風鳴先輩が今にも剣を抜いて突進しそうなのを手で制し、まずお互いの行き違いや勘違いを修正していく。

 

「風鳴先輩も少し意固地になりすぎです。少しは先導者としてアドバイスとか、奏の代わりなどいない、望んでない事を伝えるべきでした」

「しかしだな……」

「しかしもなにもありません。会話すら拒んでいては、何も変わりませんよ」

 

うぐ、と風鳴先輩はたじろぐ。

少しは自覚があったのだろう。

そもそも、風鳴先輩は優しい人だ。どこかで慕ってくれる後輩に罪悪感を感じているのは分かっていた。

それ以上に怒りを抱えているのも。

 

「あと、立花さんは自己評価を改めてください」

「うっ、いや、でも」

 

おそらくだが、彼女の自己評価の低さは環境があったと思う。

最初は普通であったのだろうが、『悲劇のライブ』後厳しい環境に置かれた彼女はその要因を『ほかに生きるべき人がいたにも関わらずその人たちを押しのけて生きてしまった自分』に求めた。

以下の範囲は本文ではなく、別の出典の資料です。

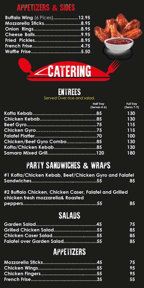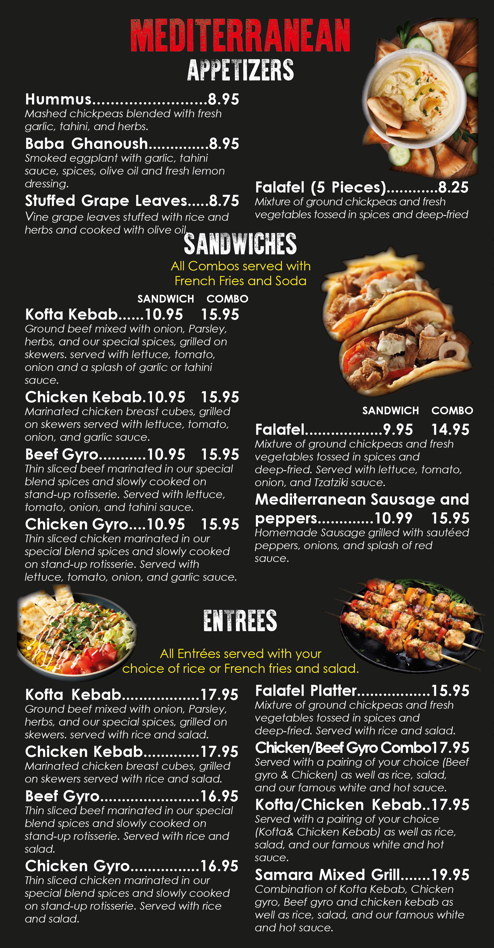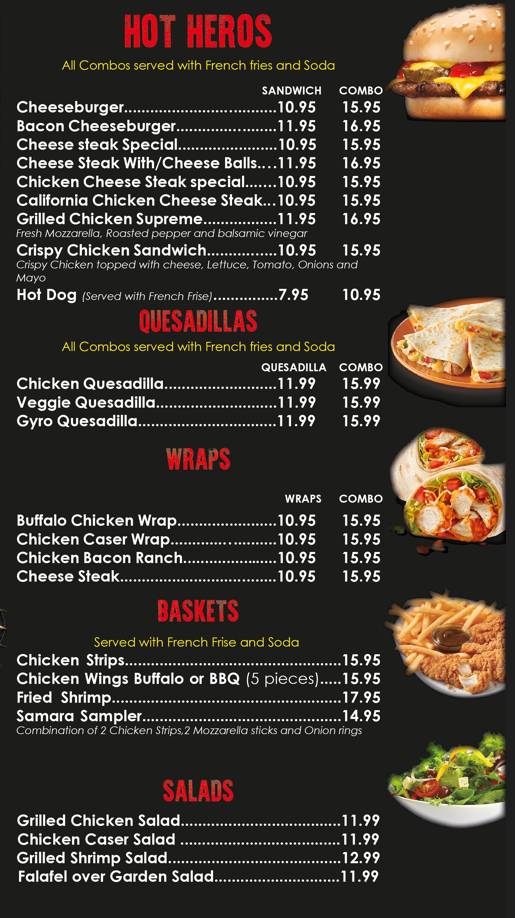 From a reviewer’s perspective, the menu at Samara Grill offers an impressively broad and satisfying selection that caters to both classic American cravings and Mediterranean favorites. The appetizer lineup, featuring Waffle Fries, French Fries, Buffalo Wings (6 Pieces), Mozzarella Sticks, and Onion Rings, provides familiar comfort options, while Mediterranean starters like Stuffed Grape Leaves, Hummus, Falafel (5 Pieces), and Baba Ghanoush add a flavorful, authentic touch. The variety continues with hearty baskets such as Chicken Wings Buffalo (5 Pieces), Chicken Wings BBQ (5 Pieces), Fried Shrimp, and Chicken Strips, alongside standout items like the Samara Sampler. Sandwich lovers can enjoy classics like the Cheeseburger, Bacon Cheeseburger, Hot Dog, and more unique offerings like the Chicken Cheesesteak Special and Cheese Steak With Cheese Balls. Mediterranean entrées such as the Chicken Kebab, Beef Gyro, Chicken & Beef Gyro Mix, and the Samara Mixed Grill highlight the kitchen’s strength, while wraps like the Buffalo Chicken Wrap, Chicken Caesar Wrap, and Chicken Bacon Ranch provide convenient, flavorful options. Breakfast items, including Bagel With Cream Cheese, Hash Browns, and omelettes like the Western Omelette or Vegetable Omelette, round out the menu nicely. Overall, the diverse offerings-from Falafel Platter to Grilled Chicken Salad-make Samara Grill a versatile spot where both variety and taste leave a lasting impression.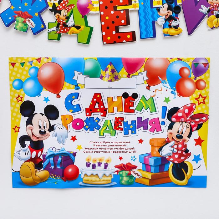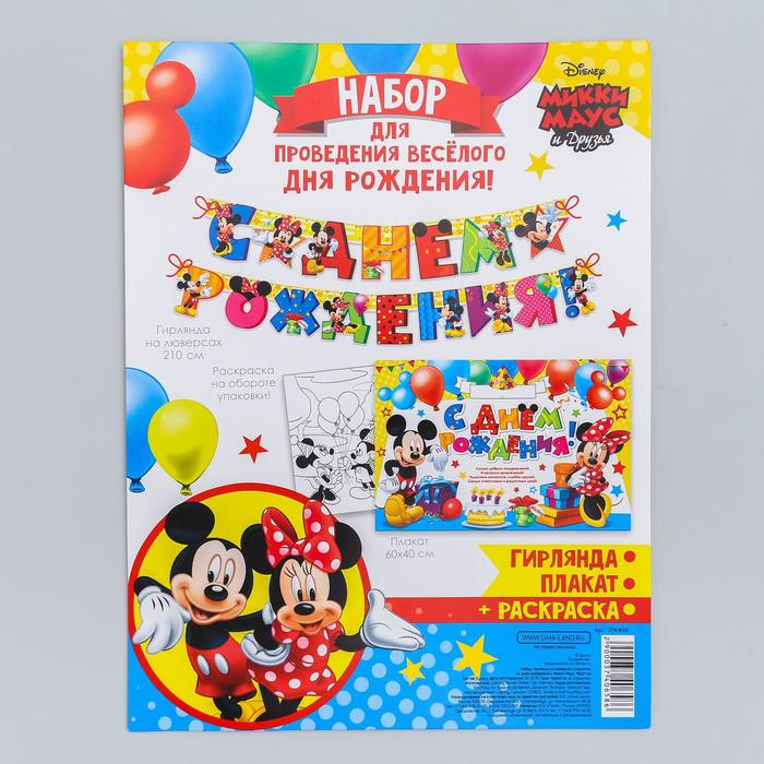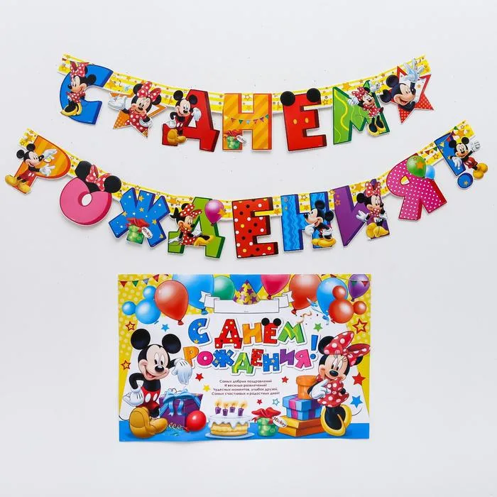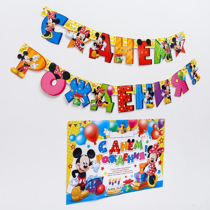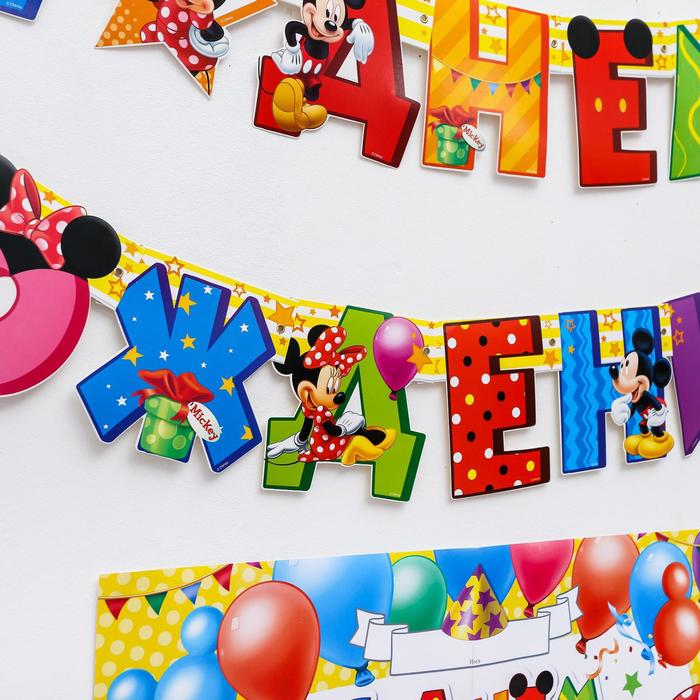 Гирлянда на люверсах с плакатом «С Днем Рождения», длина 210 см, Микки Маус — Характеристики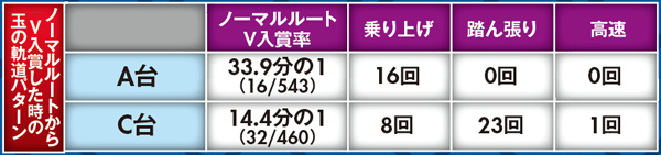 ノーマルルートのV入賞パターンに注目した場合、踏ん張りの発生率がそのままV入賞率の差に直結していた。乗り上げしか発生しないA台のような台には要注意だ。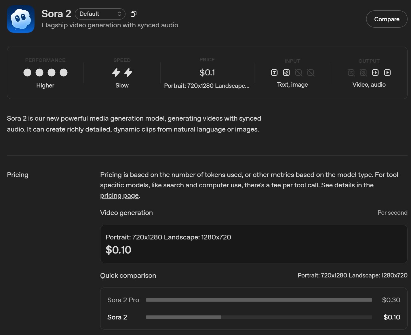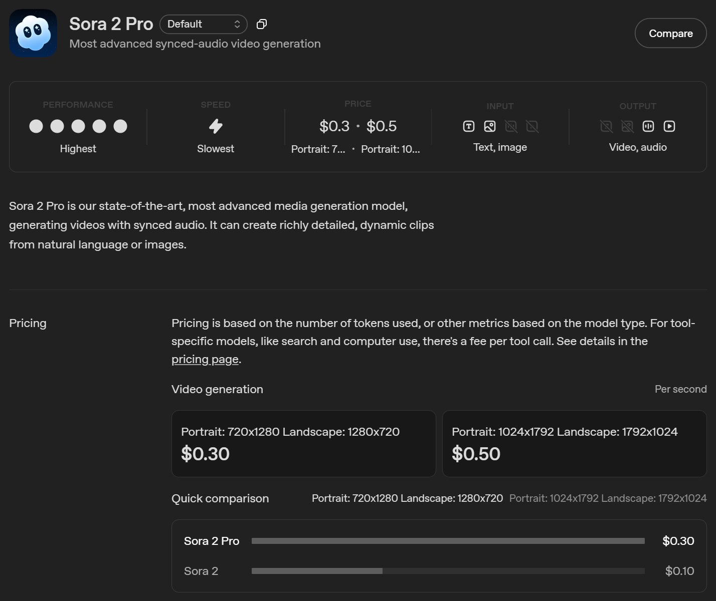 Sora 2 输出每秒 0.1 美元,Pro 输出每秒 0.3 美元

その結果の人助けであり、基本的に自分に対して全く価値を感じていないのだろう。

しかも、だ。

タチが悪いことにそれを自覚していない。

なので自己評価は他人からの評価に比べて圧倒的に低く、もし他者に褒められたり評価されていることを伝えてもお世辞や社交辞令として受け取って信じることはない。

 

ーーだからこの言葉が効く。

 

「小日向さんはあなたのこと大好きですよね」

「ふぇっ、た、多分……」

「あなたが誰かの代わりになるということは、小日向さんがあなたに対して感じている感情を嘲笑う事になることは理解してますか?」

「え?」

 

よし。釣れた。

 

「では逆の立場から考えてみましょう。あなたは小日向さんが大好きですよね。で、小日向さんはしかし。そんな言葉には目もくれず、誰かも知らない人の代わりになるのだ、それでみんな幸せなんだと『あなたが好きな小日向未来』を簡単に否定せしめる」

「……それは……」

 

実は自分にもグッサグサ刺さる言葉で、ついつい視線を泳がせる。

 

ーー……なんで司令官に櫻井女史に……オペレーター組まで居ますねあれ。なんで。

 

「わかりましたか」

「うん……」

「そして風鳴先輩にとって天羽奏という存在は唯一無二。絶対神並の存在感を示してます。もはや帰依してるレベルです。宗教です。なので、そんな存在に代替すると宣言するのはつまり神に並ぶということ。風鳴先輩はいきなりそそり立ったバベルの塔を粉砕せしめんとするでしょう」

「待ちさない円」

 

纏めようとしたら風鳴先輩と模擬戦するハメになった……なんで……!?

櫻井女史に助けを求めると睨まれた。なんで……。どうして……。